13 June 2006

I've listened to Scattering Stars Like Dust several more times, and have decided that it is a really, really good album. As is customary after discovering an artist whom I find agreeable, I have acquired more of his recordings: In the Mirror of the Sky with Ali Akbar Moradi and Night Silence Desert with Mohammad Reza Shajarian. I've also been listening to Hamza el Din [pictured], who was a famous oudist and preeminent Nubian musician. He died recently; only about a month ago. Believe it or not, it wasn't my first experience with Nubian music: I've had a crush on From Nubia To Cairo from Ali Hassan Kuban for quite some time now, who has updated the form and even allowed it to be influenced by Western music. Hamza el Din and Ali Hassan Kuban: the traditional and the modern of Nubian music.

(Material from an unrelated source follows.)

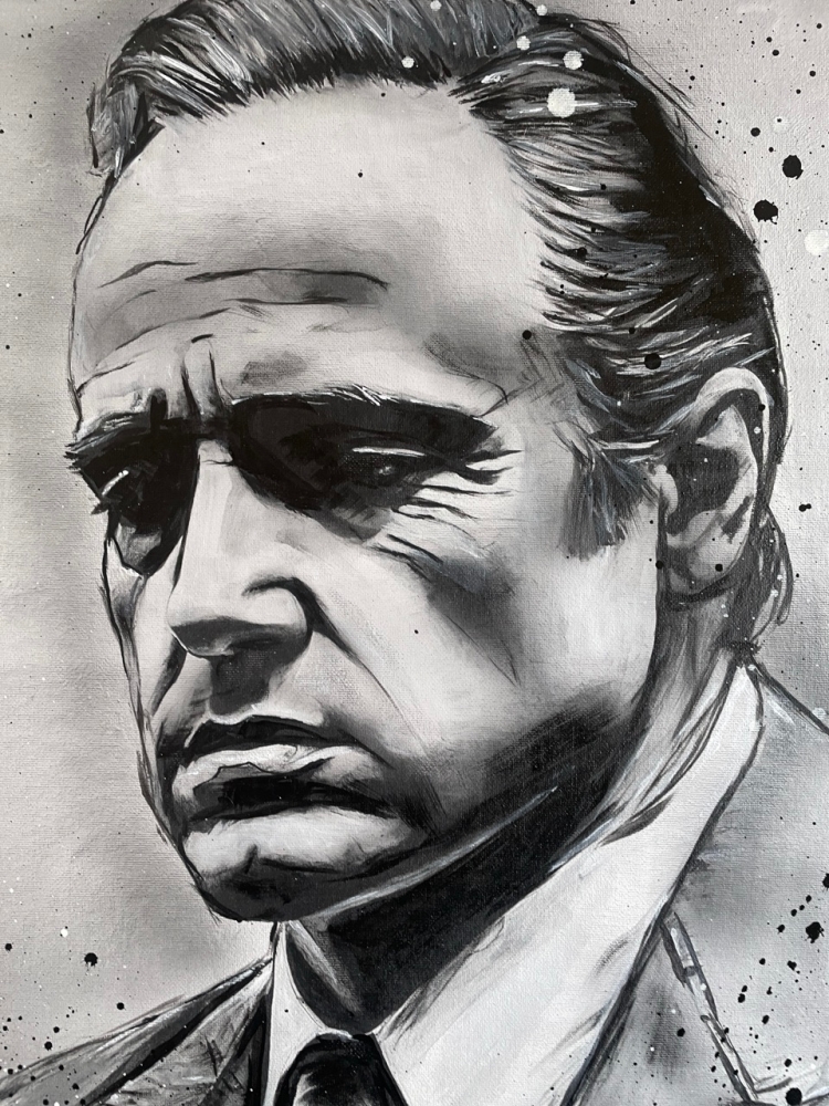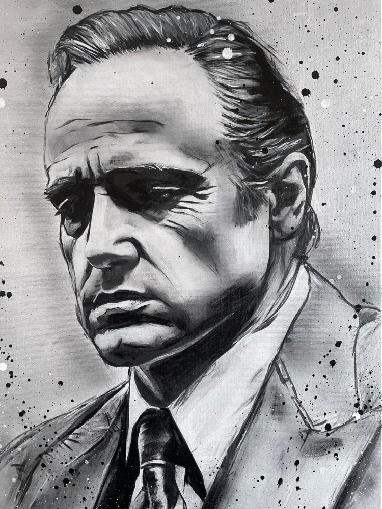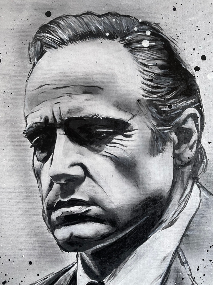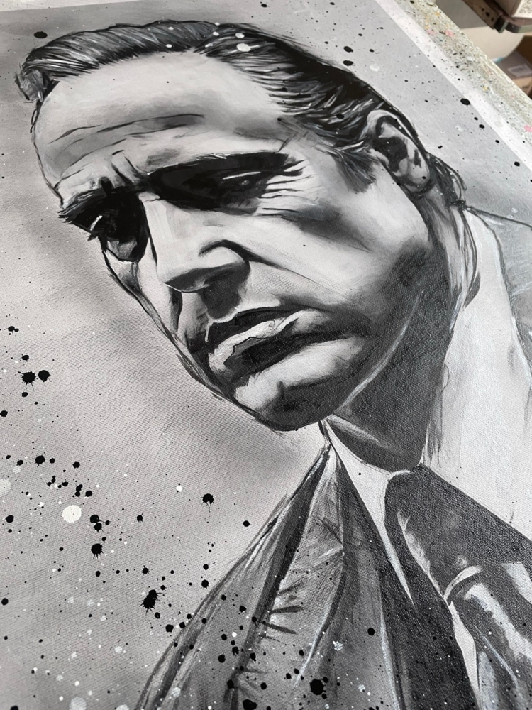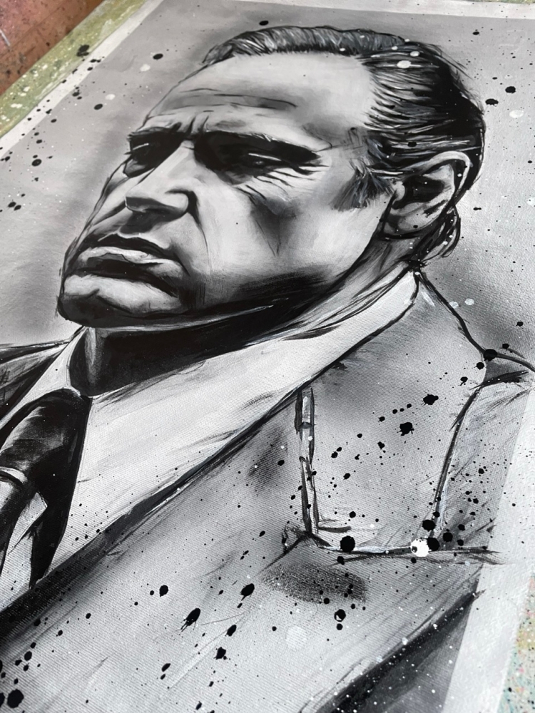 COLLECTOR'S ITEM! "Il Padrino" Introducing an exceptional interpretation of this Noir's piece, this artwork is a mixed media on canvas titled "Il Padrino" This exclusive edition highlights the artist's passion In every stroke, Noir's work reflects an unwavering commitment to the art form. -This is a unique work of art, hand-signed and with a certificate of authenticity, delivered to your door. -Sent rolled in a tube. -This is a Mixed Media Artwork on canvas, so you should expect some flaws, imperfections splatters, small cracks or wrinkles can also happen, and when it does, it's part of the artwork. This is just the nature of the spray on canvas. -Sent rolled in a tube. -Colors may shift due light conditions at the moment of the photo. *do not leave it in the tube Noir, a passionate artist, discovered her deep-seated love for Urban art and Illustration from a tender age. Over the years, Noir's artistic journey has unfurled, expanding the skills into various creative realms, including concept art and digital painting, music, 3d sculpt and traditional painting.

I recently finished reading Blue Blood by the Harvard-educated Edward Conlon. It is a book about the first eight or so years of his career as a police officer in the south Bronx, mostly in Housing and Narcotics. Aside from an ample and tasty helping of the obligatory anecdotal narrative, the book covers a lot of history: Conlon family history as well as cultural and political history of both the NYPD and of New York itself. I was attracted to the book because of my perennial fascination and terrifying dread of inner-city decay, particularly in our greatest urban area. Along with the tales of political exasperation, and the depressing and draining segments (such as tours at the Fresh Kills landfill, sifting through debris from the World Trade Center) there were several screamingly funny parts. I particularly enjoyed the following passage:
We collared, and learned how to work an odd little cat-and-mouse OP for 175 Alex, handicapped as we were by uniforms and a marked car, available for jobs at any moment. The building had a back door, so we'd have to wait for someone to walk out in order to make a sneak attack on the dealers in the lobby. One night we had an inspiration to send someone in to open it up for us. We drove a few blocks away, to the prostitution strip down on Jackson Avenue, and made the acquaintance of two ladies named Melissa and Snake. Snake explained that her boyfriend lived in the building and that she couldn't go there, but Melissa figured that opening a door for five bucks would be the easiest money she made that night. But we waited in vain - Melissa went to the wrong building, and Snake marched straight to 175 Alex to warn the dealers.
"What's the world coming to, when you can't trust a whore named Snake?"